Award-winning poetry by established and emerging poets throughout the summer.
A. H. Jerriod Avant was born and raised in Longtown, Mississippi. A graduate of Jackson State University, he’s earned MFA degrees from Spalding University and New York University. He’s received scholarships from the Breadloaf Writer’s Conference and Naropa University’s Summer Writing Program. Jerriod has received two winter fellowships from the Fine Arts Work Center in Provincetown and an emerging artist grant from the St. Botolph Club Foundation. His work has been published in the Boston Review, Callaloo, Virginia Quarterly Review, Obsidian, The Yale Review, and other journals. He’s most recently received his Ph.D. English from the University of Rhode Island and was a Teaching Fellow in English at Wesleyan University (2022-2023). His first book, Muscadine will be published with Four Way Books (September 15, 2023.)

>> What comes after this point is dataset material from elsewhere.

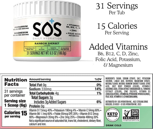 31-Serving SOS Hydration Electrolyte Powder in Rainbow Sherbert Flavor - Rapid Rehydration, Low-Calorie, Sugar-Free, Keto & Vegan-Friendly

Myronn Hardy is the author of, most recently, Aurora Americana, published by Princeton University Press. His books have garnered the PEN/Oakland Josephine Award, the Hurston/Wright Legacy Award for Poetry, and the Griot-Stadler Prize for Poetry. He has received fellowships from the Bread Loaf Writers’ Conference, Sacatar Foundation, Valpariso, Djerassi Foundation, and the Annenberg Foundation. He is the winner of the Prairie Schooner Strousse Award, given to the best poem or group of poems published that year in the journal. His poems have appeared in the New York Times Magazine, Poetry, the New Republic, the Georgia Review, the Baffler, Ploughshares, the Virginia Quarterly Review, Michigan Quarterly Review, Indiana Review, Seneca Review, and elsewhere. He teaches at Bates College. He lives in Maine.
Leslie Sainz is the author of Have You Been Long Enough at Table (Tin House, 2023). The daughter of Cuban exiles, she is the recipient of a 2021 National Endowment for the Arts Poetry Fellowship. Her work has appeared in or is forthcoming from The Academy of American Poets’ Poem-a-Day, the Yale Review, Kenyon Review, AGNI, Narrative, and elsewhere. A three-time National Poetry Series finalist, she’s received scholarships, fellowships, and honors from CantoMundo, the Miami Writers Institute, the Adroit Journal, and the Stadler Center for Poetry & Literary Arts at Bucknell University. She is the managing editor of the New England Review.
Sean Singer is the author of Discography (Yale University Press, 2002), winner of the Yale Series of Younger Poets Prize, selected by W.S. Merwin, and the Norma Farber First Book Award from the Poetry Society of America; Honey & Smoke (Eyewear Publishing, 2015); and Today in the Taxi (Tupelo Press, 2022) which won the 2023 National Jewish Book award.
Hosted by Nathan McClain, a poet, editor, and educator living in Amherst, Massachusetts. He is the author of Scale (Four Way Books, 2017) and Previously Owned (Four Way Books, 2022), and his poems and prose have recently appeared, or are forthcoming, in Poetry Northwest, Green Mountains Review, Poem-a-Day, The Common, The Critical Flame, and upstreet, among others. He is Assistant Professor of Creative Writing and African American Literary Arts at Hampshire College, and serves as Poetry Editor of The Massachusetts Review.